Her: "Can I have a drink of your water?"

Me: "Did you have any gluten today?"

Her: "No."

Me: "Are you sure?"

Her: "No, I swear I didn't."

Me: "What did you have for lunch?"

Her: "A yogurt."

Me: "That's it?"

Her: "I wasn't very hungry."

I'm silently angry and scared. I don't know what the long term repercussions are of a person who has food allergies routinely eating things their body doesn't know how to break down and digest. I'm transported to a time where we didn't know what was wrong or why my children had some of the health problems they did. I'm pretty good at assessing health in others.
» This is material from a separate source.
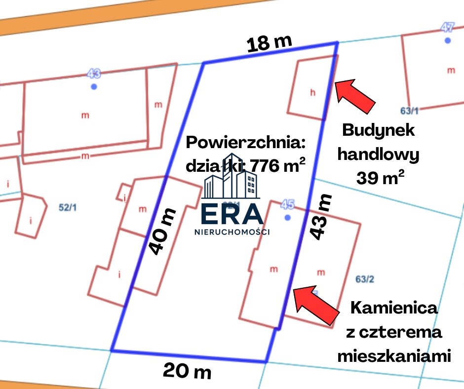 Kamienica z czterema mieszkaniami oraz budynkiem handlowym - Ozorków ul. Maszkowska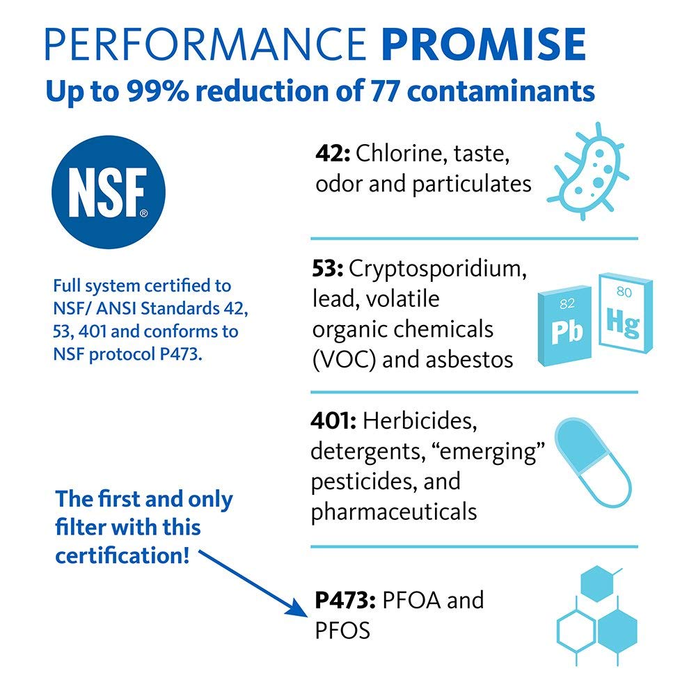 - Removes up to 99% of 77 contaminants including lead, mercury, pesticides, pharmaceuticals, and more

Their eyes, skin, hair, teeth, nails, posture, mood, what they say and how they say it, the habits they have, how they treat others. Health is easy to spot and she doesn't have much of it. From the white spots in her nails to the lack of clarity in her eyes, her skin, and the dullness of her hair. It's a problem that I have no idea how to solve and it's one of the biggest things in my life that causes me a lot of grief, fear, anguish, and pain. It's easy for me to see how she should change for better health, then I take a look around at some of the things I'm doing on a regular basis and I can see why she has trouble motivating herself to take that harder, longer, more troublesome path.

***

Her: "How do you know?"

Me: "Intuition. It's my strongest and primary function."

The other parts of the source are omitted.